Acredito no poder renovador da diversidade da cultura europeia. Acredito que somos capazes de transmitir a outras culturas o essencial e o mais valioso da nossa cultura, e de simultaneamente nos deixarmos enriquecer por outras maneiras de estar, sem que isso represente uma ameaça à nossa identidade.

Quanto aos imigrantes que chegam a Portugal: o que é que nos incomoda na sua cultura? Que hábitos culturais trazem, que são tão ameaçadores para a nossa cultura soberana?

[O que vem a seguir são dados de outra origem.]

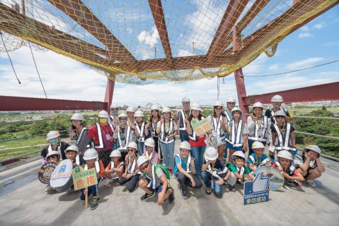 桃園軌道願景館暑假舉辦「小小軌道推廣員」認證活動,今年已邁入第五屆,這次以「逐夢高飛:捷運綠線北段高架工區巡禮」為主題,分兩梯次共帶領32組學員走進工區,近距離認識桃園捷運綠線北段高架工程的施作;下午的室內活動,還特別選在週一軌道願景館的休館日舉辦,讓參與的大小朋友獨享封館體驗設施與闖關的樂趣,營造出獨一無二的一日桃園軌道探索營隊。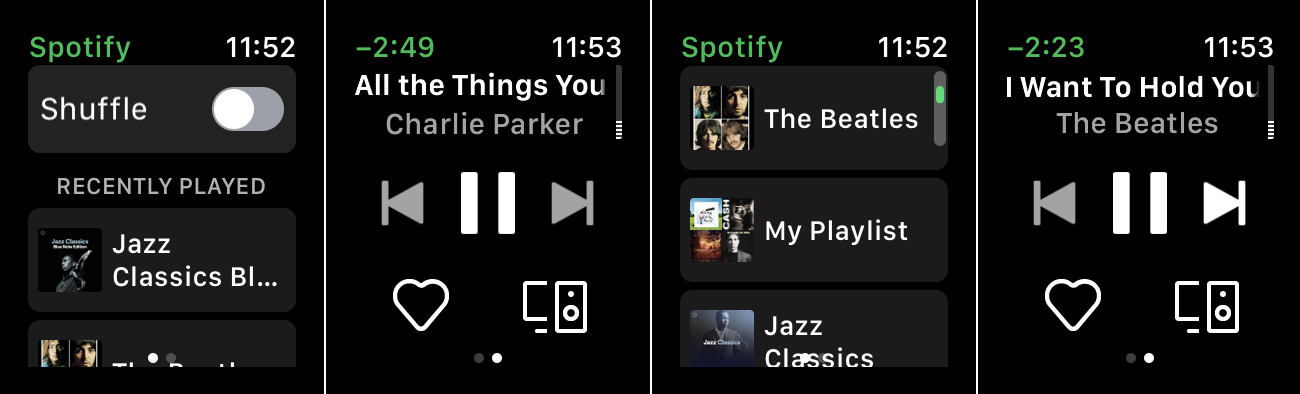 Затем вы можете пролистать коллекции, синхронизированные с вашими часами. Нажмите на альбом, плейлист, исполнителя или песню, которую вы хотите услышать. Вы можете управлять своей музыкой с ваших часов, нажав на кнопку «Воспроизведение / Пауза», перейдя к следующему треку или к предыдущему треку. Вы также можете регулировать громкость, поворачивая цифровую корону.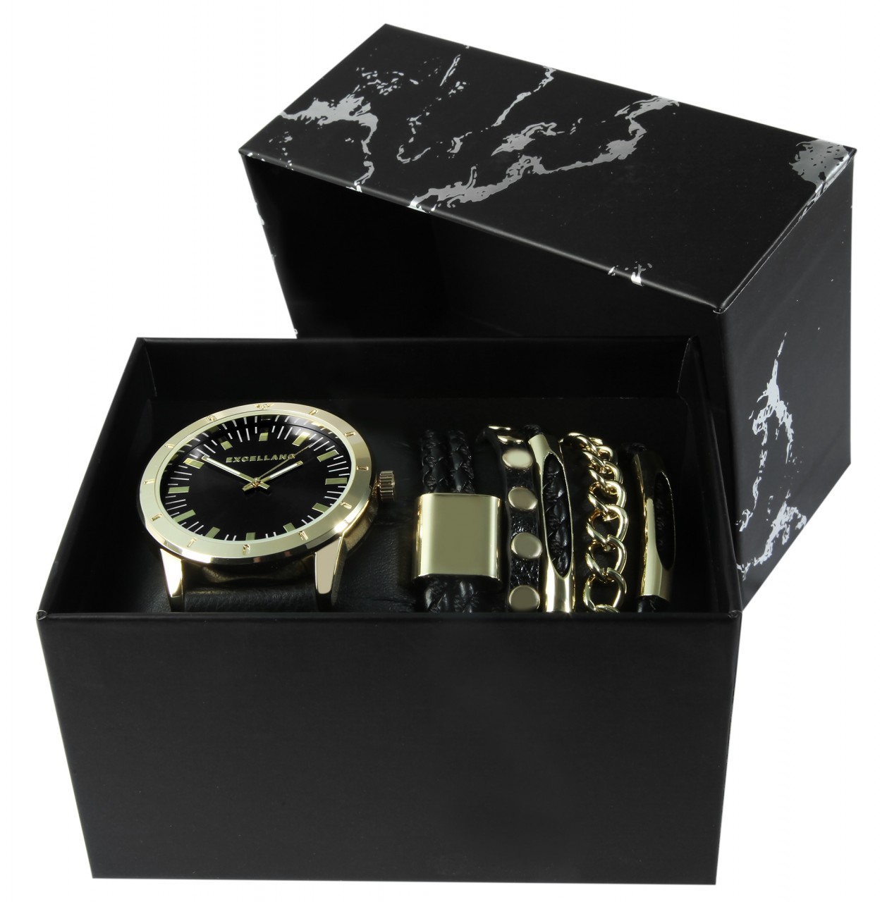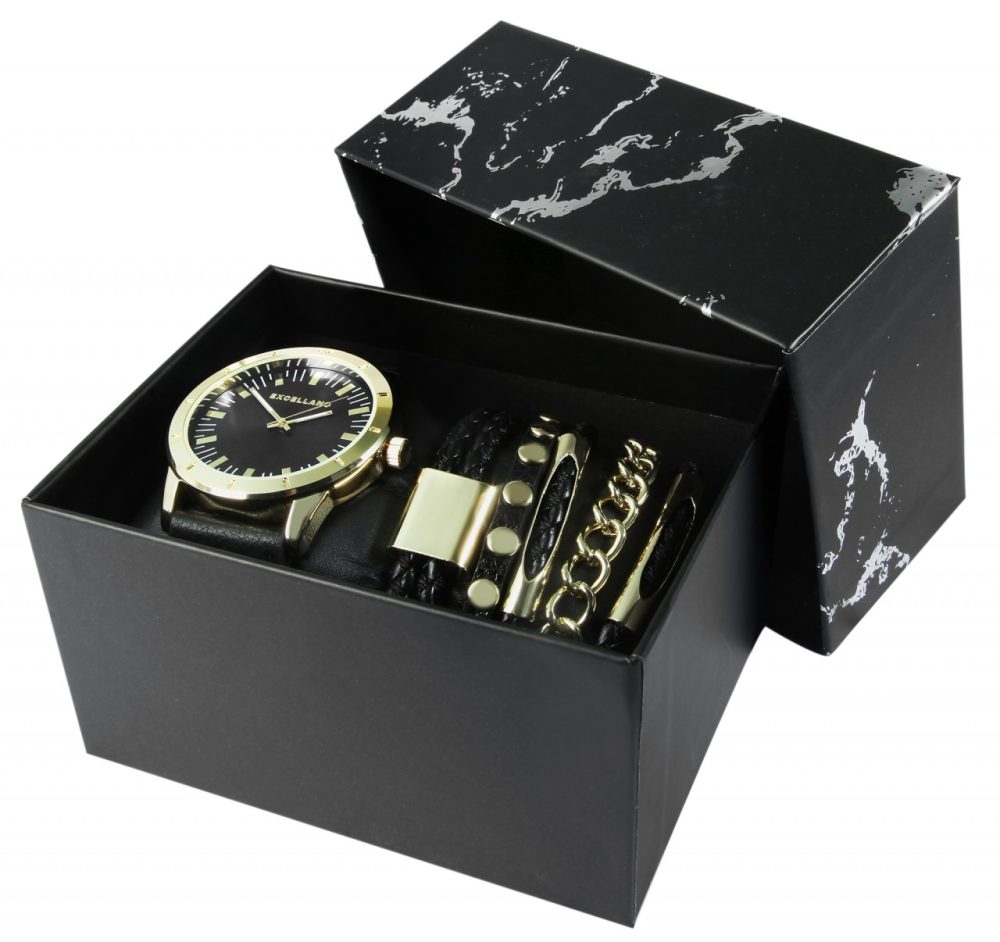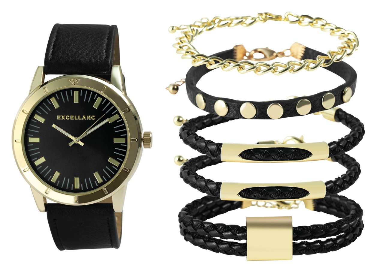 O conjunto de presente da marca Excellanc é composto por um relógio de pulso masculino e cinco pulseiras. As peças de joalheria podem ser usadas de maneira ideal em combinação, pois formam uma unidade harmoniosa.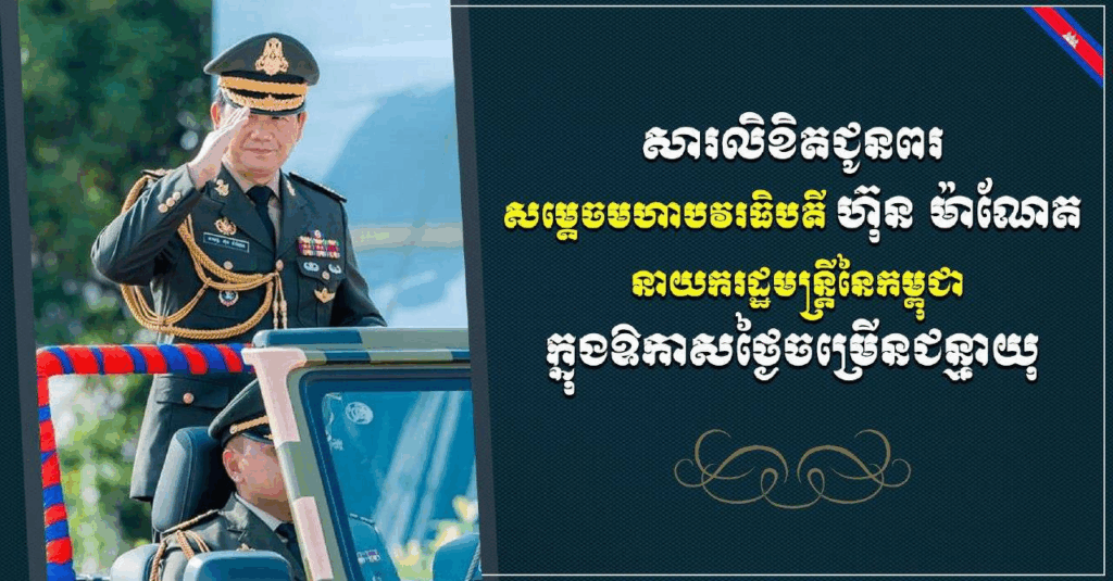 ក្នុងឱកាសដ៏មង្គលសួស្តី នៃថ្ងៃខួបកំណើត សម្តេចមហាបវរធិបតី ហ៊ុន ម៉ាណែត នាយករដ្ឋមន្រ្តីនៃព្រះរាជាណាចក្រកម្ពុជា គម្រប់ ៤៨ឆ្នាំ ឈានចូល ៤៩ឆ្នាំ នាថ្ងៃទី២០ ខែតុលា ឆ្នាំ២០២៥, អ្នកឧកញ៉ា ហេង បូរិន អគ្គនាយកក្រុមហ៊ុន ហេង បូរិន គ្រុប និងលោកជំទាវ សូមផ្ញើសារលិខិតគោរពជូនពរ សម្តេចមហាបវរធិបតី ទទួលបានសុខភាពល្អបរិបូរណ៍ បញ្ញាញាណភ្លឺថ្លា អាយុយឺនយូរ ដើម្បីបន្តបេសកកម្មដ៏ឧត្តុង្គឧត្តម ដើម្បីដឹកនាំកម្ពុជាឱ្យរីកចម្រើនរុងរឿងតទៅ។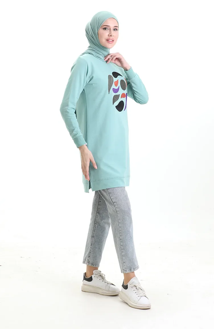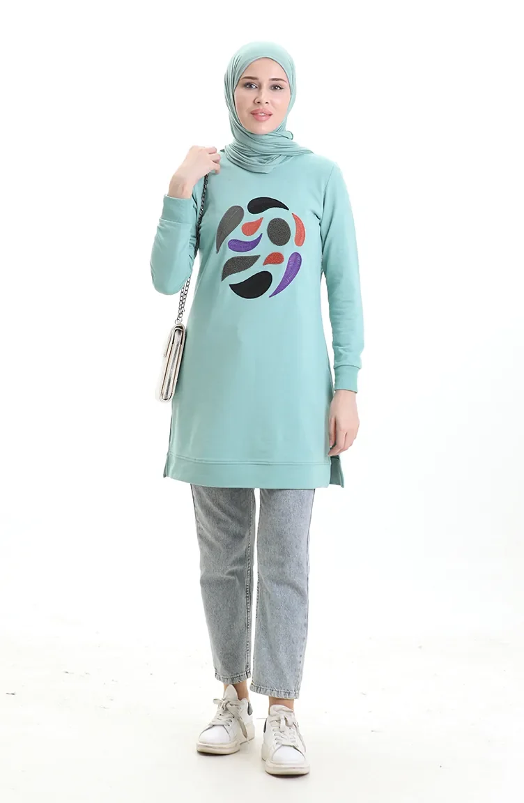 تونيك أرابوي بفتحة مضلعة 9117-03 أخضر لوزي 9117-03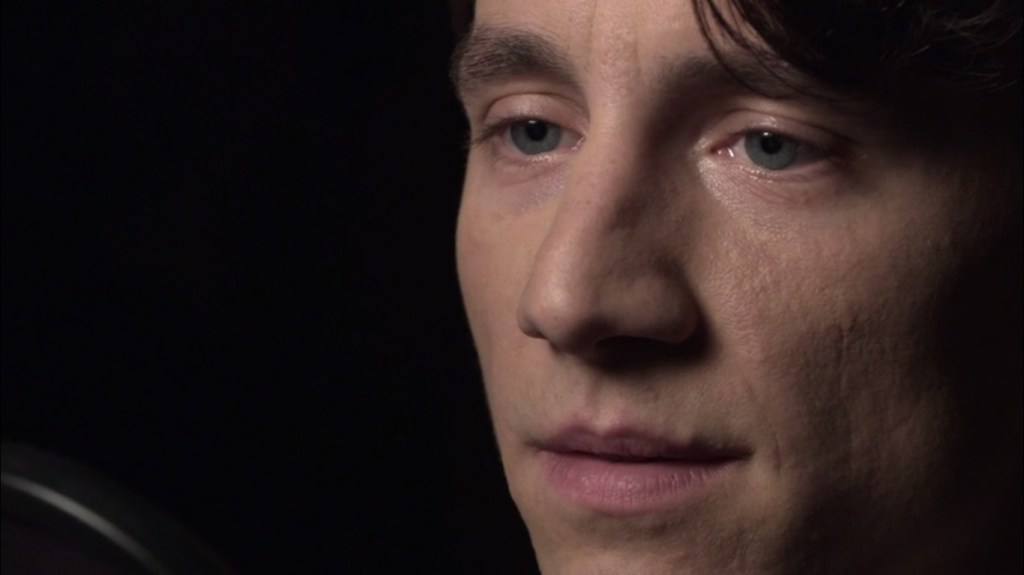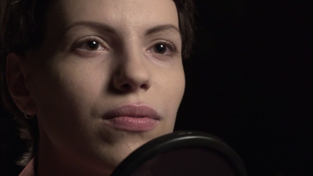 Car nous sommes dans un film et non dans le studio d’enregistrement (ou sur une scène de théâtre). Et donc cette présence du poète et de l’écrivaine – la présence de leur séparation – qui s’incarne dans la proximité entre l’actrice et l’acteur, est due à la qualité du filmage – à la perfection du filmage. Ces gros plans – des très gros plan même parfois – sur les visages, leur voix qui est comme matérialisée dans l’image et ces moments de silence où la concentration est visible, palpable.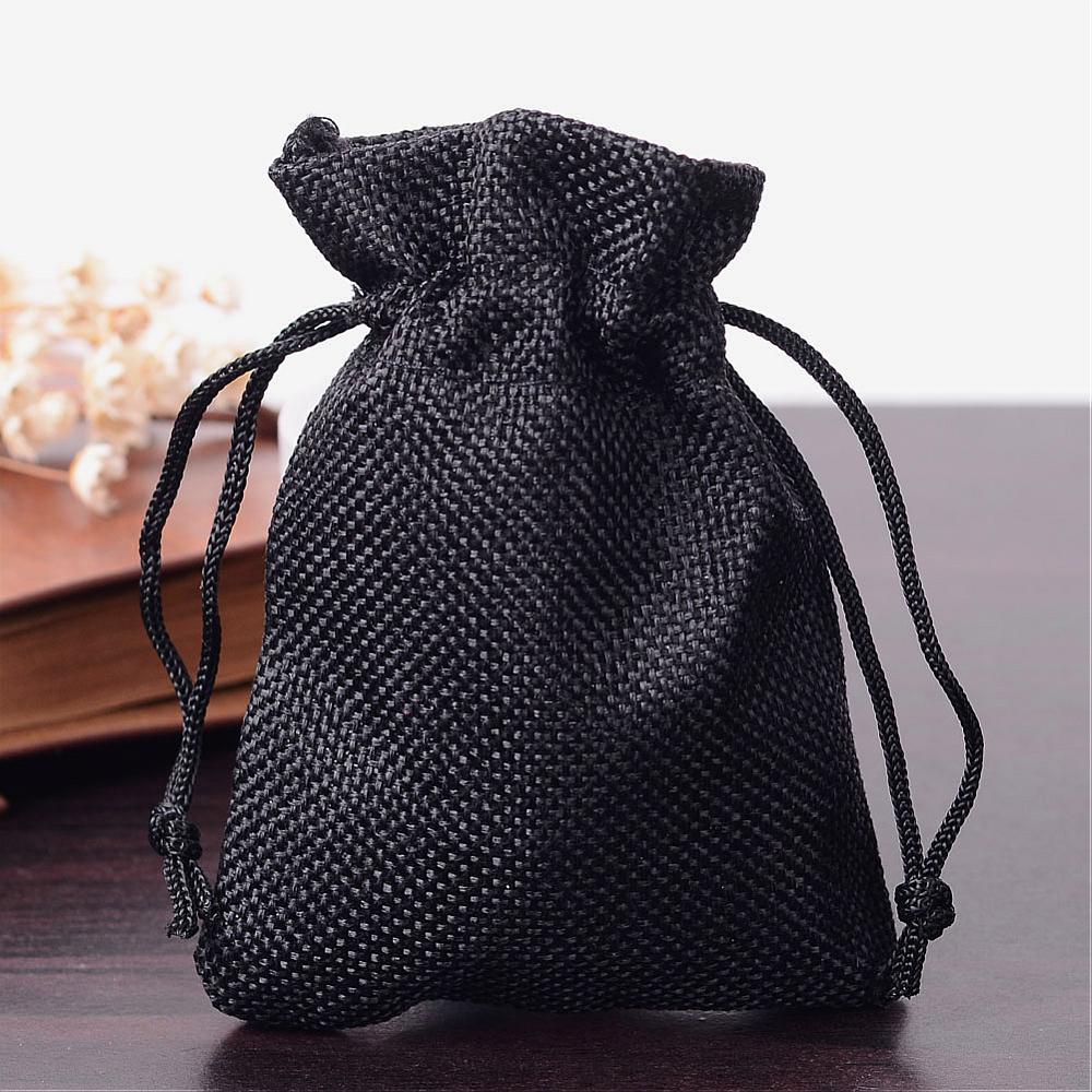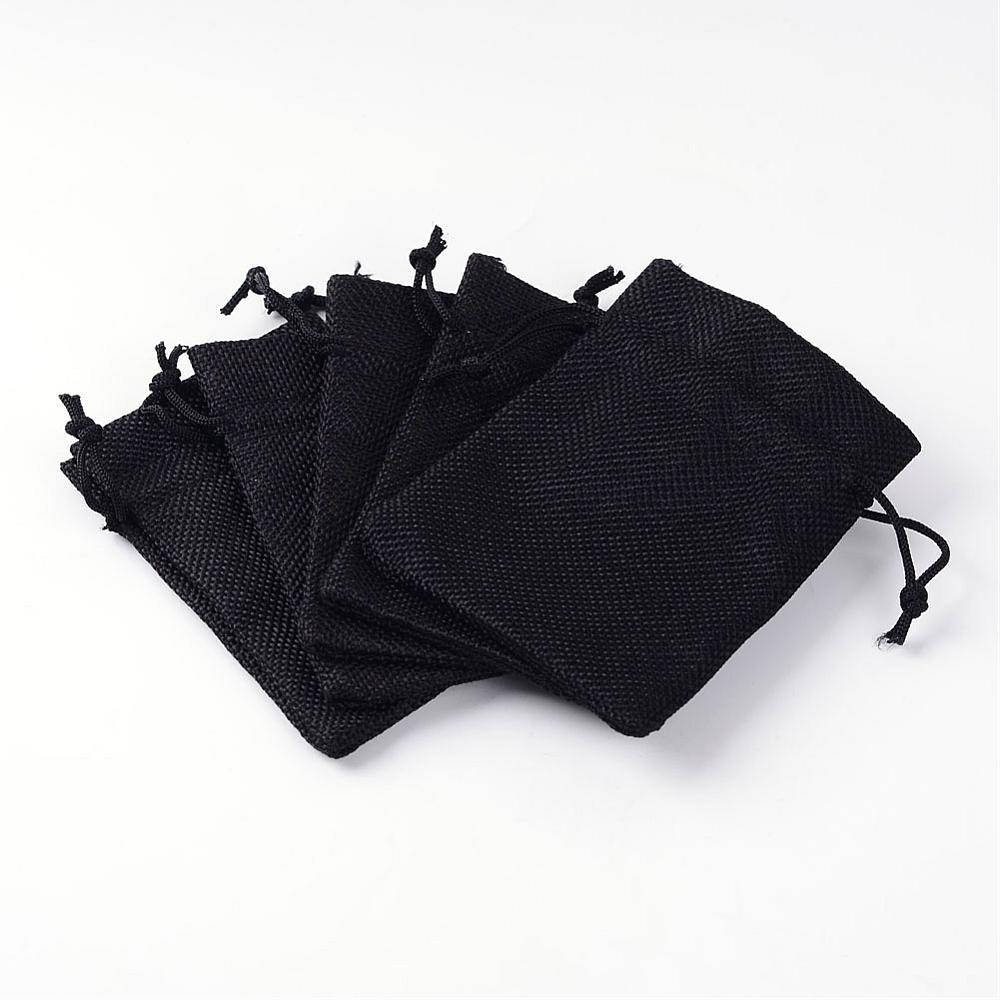 Polyester Imitation Burlap Packing Pouches Drawstring Bags, for Christmas, Wedding Party and DIY Craft Packing, Black

Finalmente, o Público: essa da luva de pelica é engraçada, mas era preciso que o jornal soubesse que eu existo...
Neste caso, prestou um péssimo serviço. Porque é fundamental discutirmos estes temas (e nem lhes vou chamar "dogmas", prefiro dizer "preocupações"), mas tinham de arranjar alguém com um discurso mais elaborado.
Isto, admitindo que não fizeram de propósito para ridicularizar esse tipo de opinião.

Rita Maria disse...

Isto era tudo verdade e muito bonito, mas o tenente-coronel também nao está a falar dos imigrantes em Portugal. Ele está a pelejar pelo conservadorismo e tenta inscrever o seu discurso num discurso muito popular Europa fora que parece também colher aprovaçao em Portugal. A relaçao com a realidade portuguesa específica é irrelevante, chega perfeitamente um "qualquer dia estamos como na Alemanha, onde..".

Helena Araújo disse...

Na Holanda, Rita, na Holanda.
Qualquer dia estamos na Holanda, onde os imigrantes não respeitam nada nem ninguém e se ficam a rir das tradições mais caras ao país que os acolhe.